We got the dispatch call on Tuesday September 18, 2007. “Bad response time” on sales order entry. Unfortunately for us, the problem had started a week earlier. Things were bad and getting worse, heading into the last weeks of the fiscal quarter, typically one of the biggest.
Users had noticed sales order entry (VA01) and related transactions were running slower than normal early in the prior week, but for reasons unknown the escalation went to the network teams to research WAN throughput, and nothing came to the attention of the Basis, database or system administration teams for 6 business days.

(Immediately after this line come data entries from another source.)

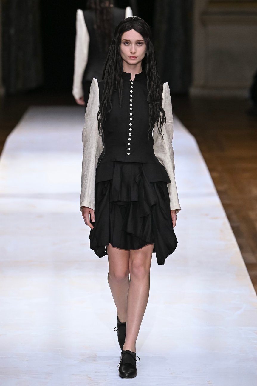 白くペンキが塗られた質素な板がランウェイとなり、煌々と照らすライトの下に登場したファーストルックは、黒のボディに白の袖を付けたノーカラージャケットのセットアップ。クラシカルで清楚なイメージを2ルック目も引き継ぎながらも、スカートが膝上のミニ丈となり新鮮な印象を与えた。
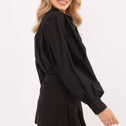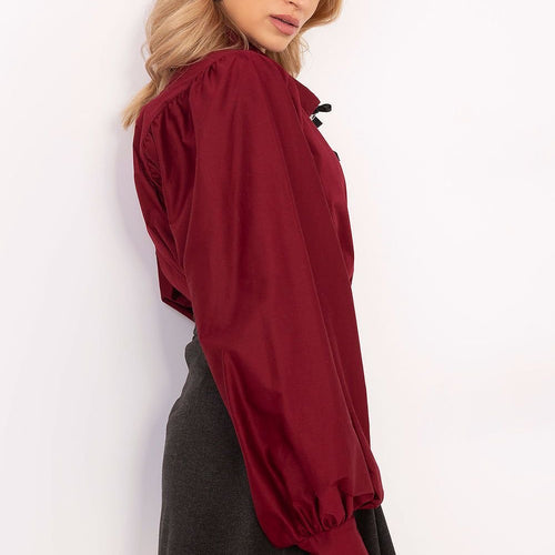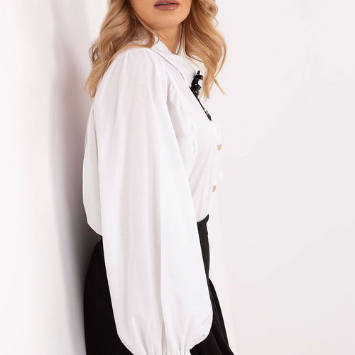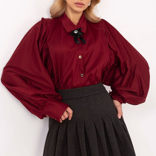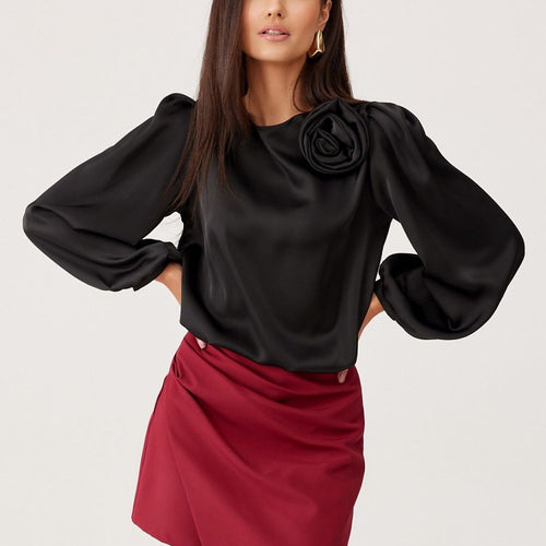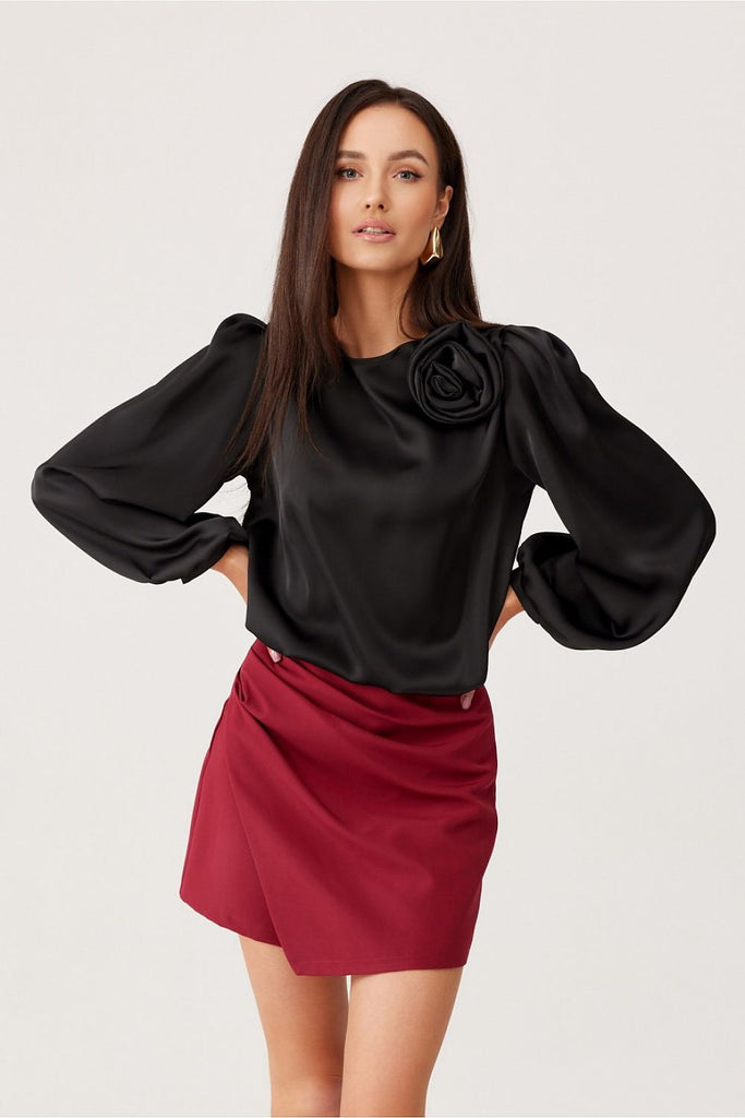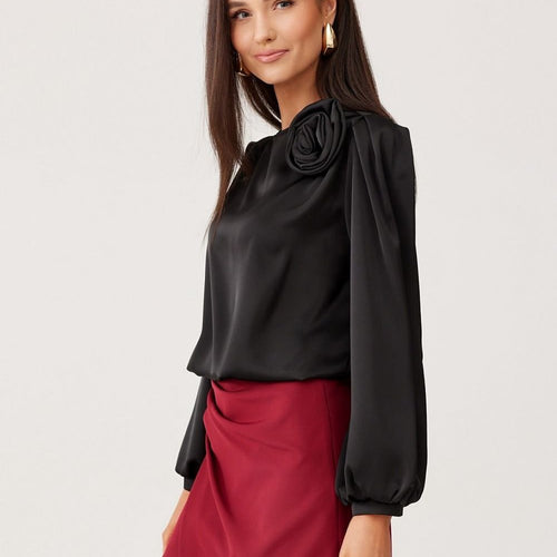 Evelyn blouse is a model created from satin material, which gives the styling an extremely elegant and luxurious look. The round neckline is decorated with a spectacular rose, which adds nonchalance and style, while making the blouse stand out with originality. The wide, puffy long sleeves beautifully expose the shoulders and feminine silhouette. Its loose fit guarantees freedom of movement...
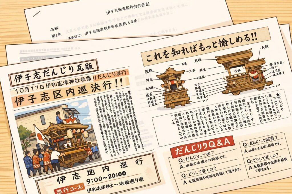 2026.02.22 自治会・地域だより このページを印刷 コミュニティ末広 伊孑志だんじり保存会 2026年2月21日(土)14時~ 伊孑志会館で「伊孑志地車(だんじり)保存会」の会合がありました。 (仮)の資料もあるため、↑あえて文字化け。笑 4月18日(土)午後に総会を開催するとのことです。来年度以降の活動に注目ですね。^ ^
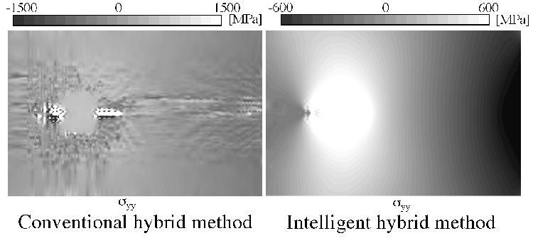 図3に,誤差最小化を行なわない従来型のハイブリッド法と本インテリジェントハイブリッド法による応力場を比較して示す.従来型では誤差による乱れが生じている.一方,本インテリジェントハイブリッド法によれば,実験計測誤差の自動消去が行われ,計測不能領域においても正確な変位の分布が得られていることが分る.
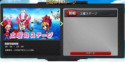 2015年7月23日(木)定期メンテナンスにて、ボコラッシュに日替わりステージを追加しました。日替わりステージでは、通常のボコラッシュとは違い、曜日ごとに報酬や挑戦条件が変わる特殊なステージとなっています。
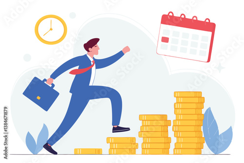 Successful businessman standing on gold ingot with trophy cup in raised hands, flat vector isometric illustration. Business success, financial growth concept.

Overall response time looked about the same as prior weeks, so we started researching database activity and quickly noted a major degradation of that part of the VA01 transaction (using statistics in ST03). Nothing appeared abnormal about general database health, but there were several suspicious transactions in the SQL buffer cache (ST04).

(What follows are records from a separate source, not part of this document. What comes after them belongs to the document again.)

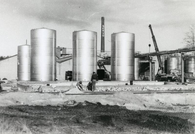 1976 Bouw kantine en service gebouw (nu gebouw 9) met muurschildering
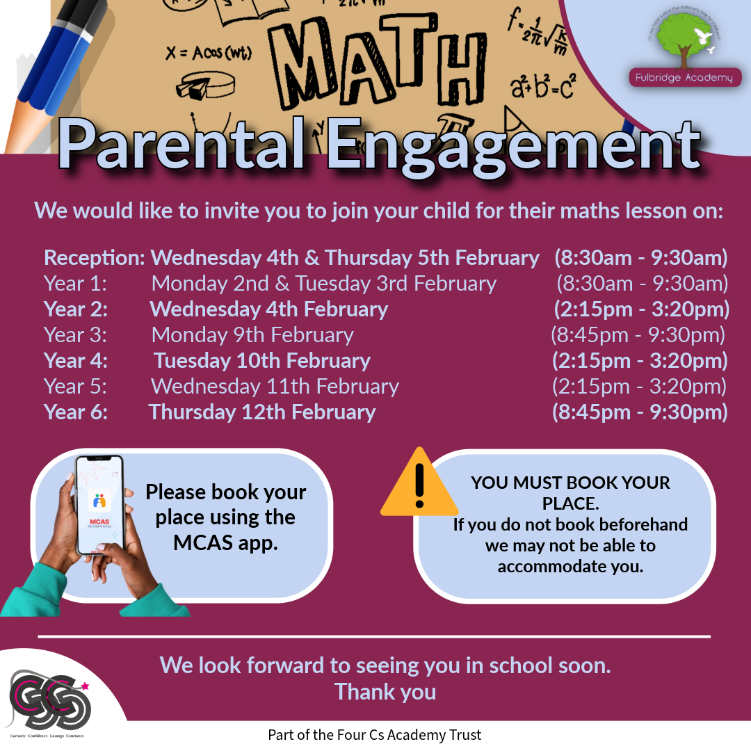 Please ensure you book your place on the MCAS app for one parent/carer only.
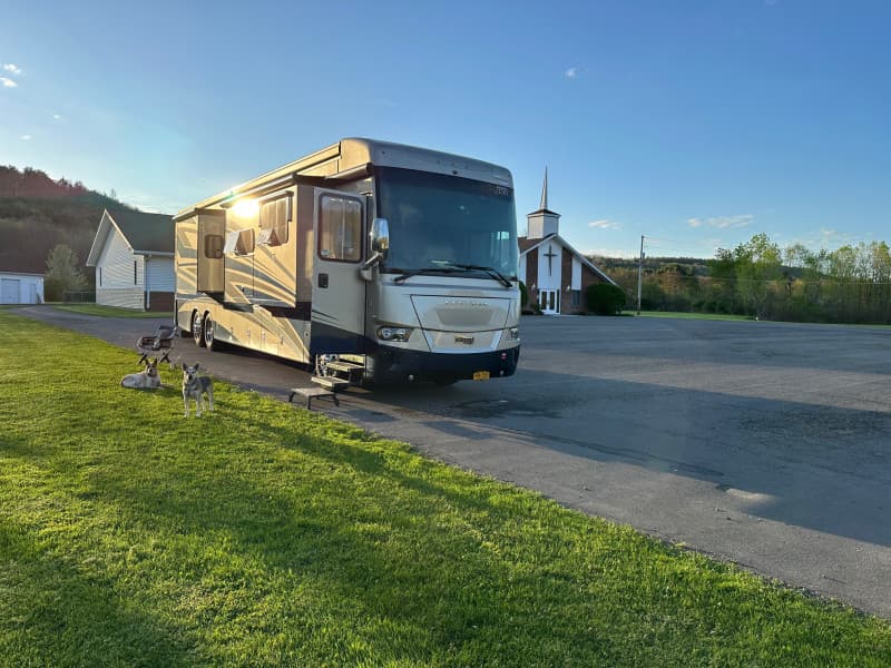 Nestled amid meadows and forested hills, this peaceful community church offers secure, level parking spaces perfect for RV Camping. Wide, flat spots feature easy in/out access and serene mountain views. Friendly hosts ensure prompt communication, clear directions and a warm welcome. Enjoy the quiet surroundings--early risers might spot deer grazing at dawn. Donations are welcomed online for those who wish to support the community.
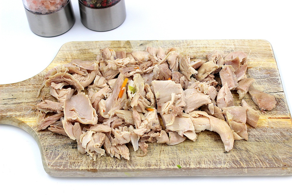 Выбрать курицу и добавить в кастрюлю пол литра воды, картофель, пассеровку, зеленый горошек и поперчить. Варить 10 минут.
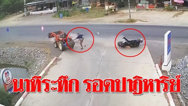 โดยเหตุการณ์นี้เป็นช่วงเวลาที่ชายคนหนึ่งเดินอยู่หน้าปั้มมน้ำมัน ปรากฏว่ามีรถจักรยายนต์คันหนึ่งขับมาด้วยความเร็ว เกิดเสียหลักพลิกคว่ำทั้งคนทั้งรถไถลพุ่งไปหาชายคนดังกล่าว เฉี่ยวชนจนรองเท้ากระเด็น ก่อนที่ทั้งคนทั้งรถจักรยานยนต์จะพุ่งลงไปที่หนองน้ำหน้าปั๊ม โดยเบื้องต้นทราบว่าคนขี่รถจักรยานยนต์ได้รับบาดเจ็บ ชาวบ้านช่วยกันนำส่งโรงพยาบาลรักษาตัวแล้ว
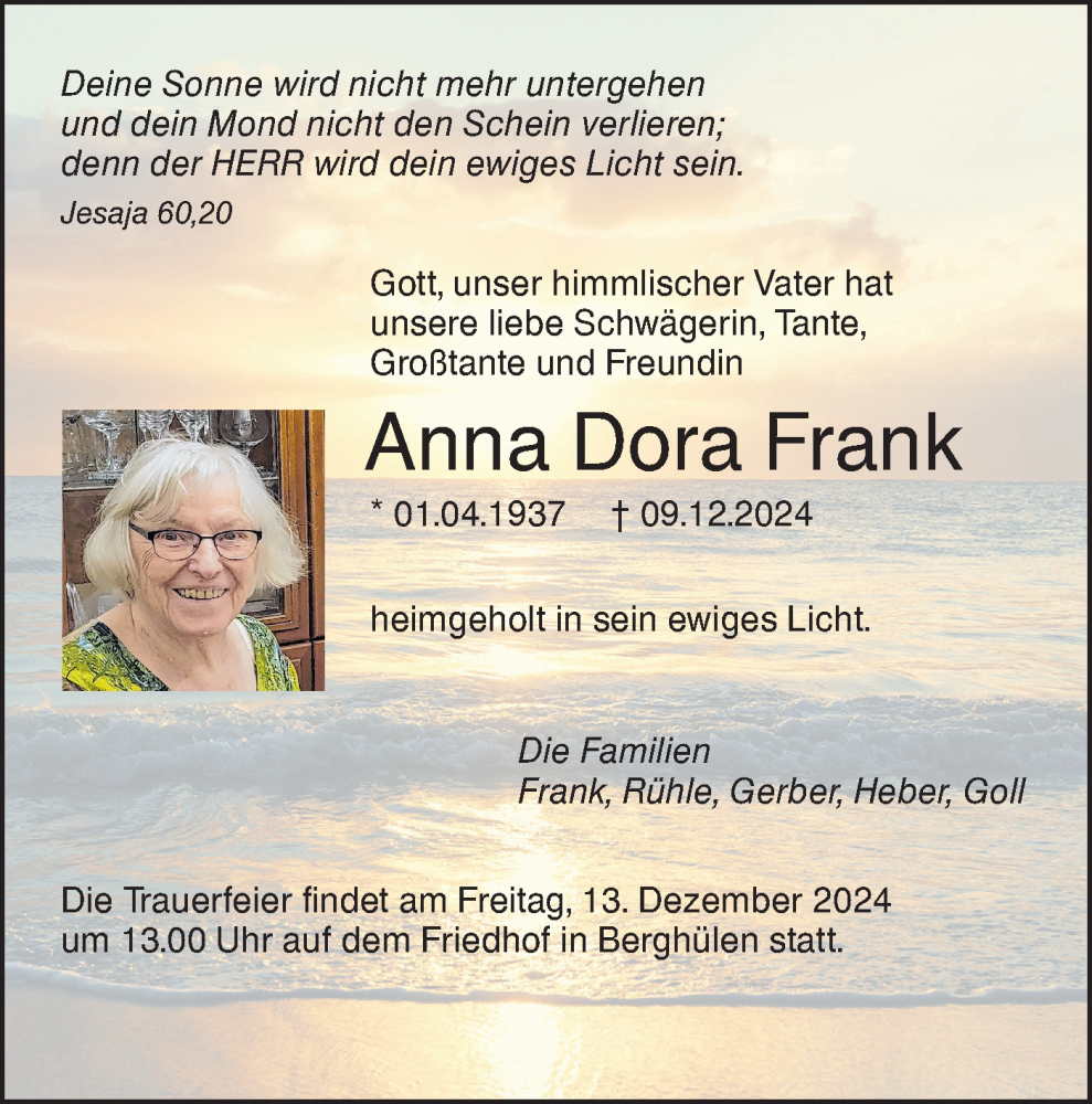 Hier finden Sie alle Traueranzeigen aus der Zeitung, die bisher für Anna Dora Frank erschienen sind. Weitere Traueranzeigen, die in der Zeitung erscheinen, werden hier ebenfalls aufgelistet
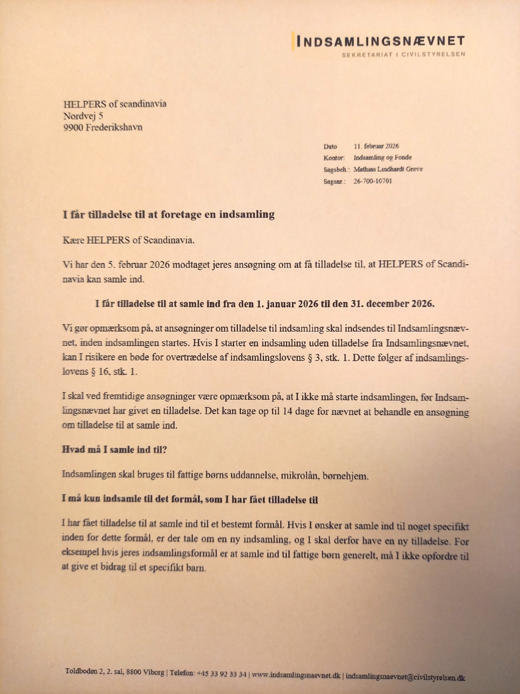 HELPERS er godkjent av Indsamlingsnævnet

Triage was pointing to a particular application change as the root cause, rather than network congestion or system changes.
I saw a few condition tables (e.g., A527) that were doing full table scans, meaning the SAP application servers were asking for all of the rows. Not highly unusual, but the tables didn’t look familiar and the volume of data being transferred seemed high. As 3 of the statements were in the top 5 for buffer gets, I wrote the names down as noteworthy.

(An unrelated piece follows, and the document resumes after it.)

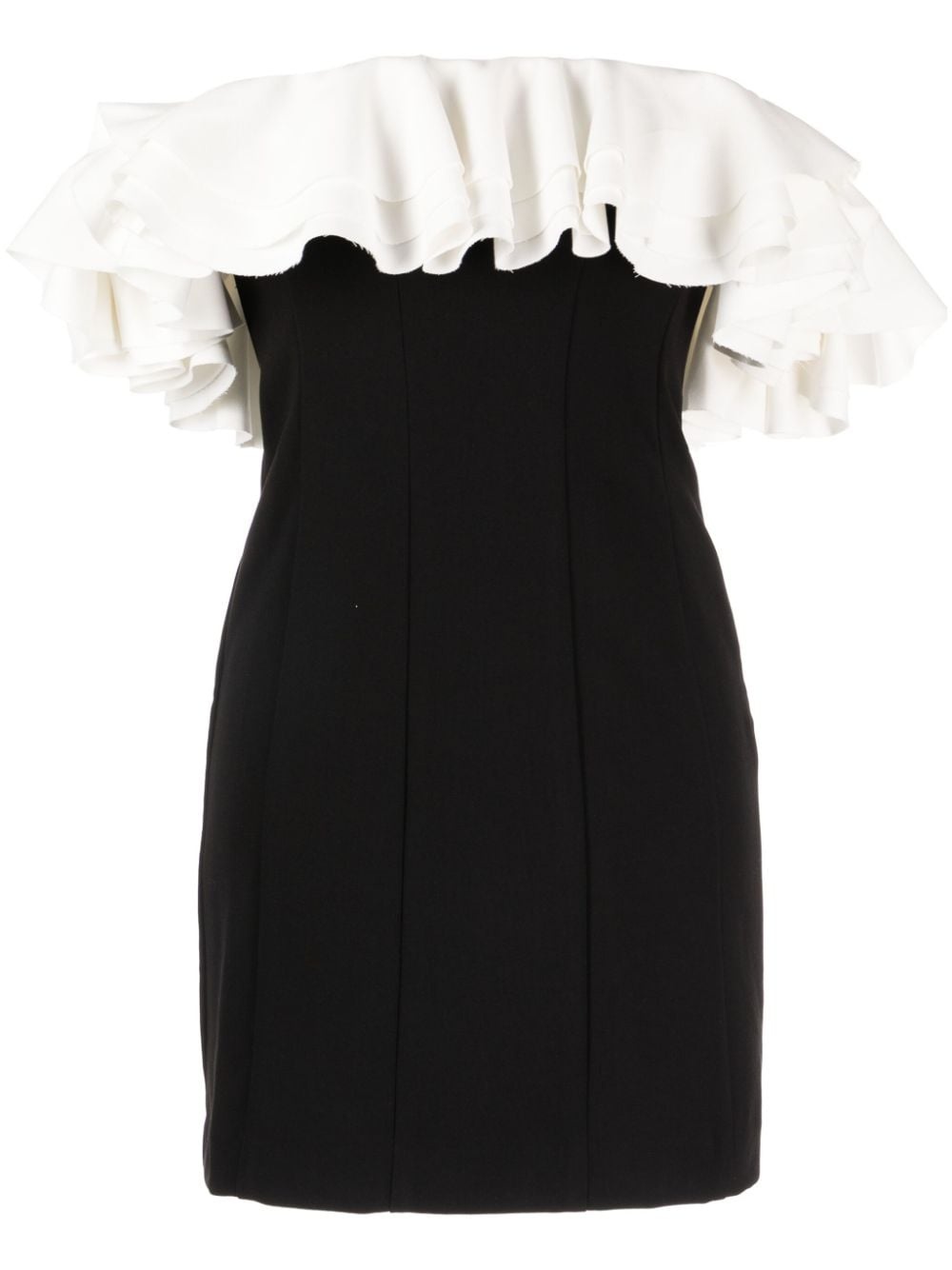 Kiara ruffled minidress Highlights - Black/white - Stretch-design - Ruffled detailing - Square neck - Off-shoulder - Straight hem - Thigh-length Imported Composition Polyester 68%, Viscose 27%, Elastane 5% SIZE & FIT Model measurements Height 5 ft 10 in(1.78 m) Bust/Chest 29.13 in(74 cm) Hips 35.43 in(90 cm) Waist 23.62 in(60 cm) Measurement CHEST 29.13 in(74 cm) HIPS 30.7 in(78 cm) LENGTH 25.59 in(65 cm) WAIST 24.4 in(62 cm) FittingInformation Designed for a close fit throughout The elasticated shoulders offer movement and a comfortable fit Made from a midweight stretch fabric, this piece offers elasticity and flexibility when worn This piece fits true to size – take your usual size Washing instructions Dry Clean Only
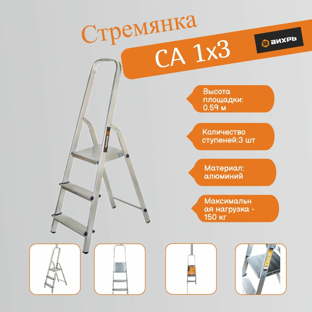 Стремянка алюминиевая вихрь СА 1х3

At that point, it made sense to take a tour through the application server table buffers. As I’ve been through there (ST10) plenty of times, it was quickly obvious that tables were fully buffered that shouldn’t be. One was over 100MB, dwarfing the generic buffer.
To cement the case, I ran SQL traces (ST05) on a user who appeared to working in VA01. If I had more time to follow up with the customer service team, I would have gotten the duty manager on the phone, found out who was working, and traced them. But I was in a hurry, so I just viewed the system activity (SM66) to find a rep to trace. The SQL trace showed lots of table accesses to the database instead of to the table buffers. The tables with many full table scans weren’t the top time for this user, but the pattern was becoming clear.
Then I went back through the ST03 (SAP application metrics) maze, pulling out data to cast trends by day, by week, and by user. The user I had traced was showing average times for VA01 around 1.5 seconds, which sounds OK, but as they were seeing 0.8 seconds before this episode, they were getting hourglasses for twice as long as normal.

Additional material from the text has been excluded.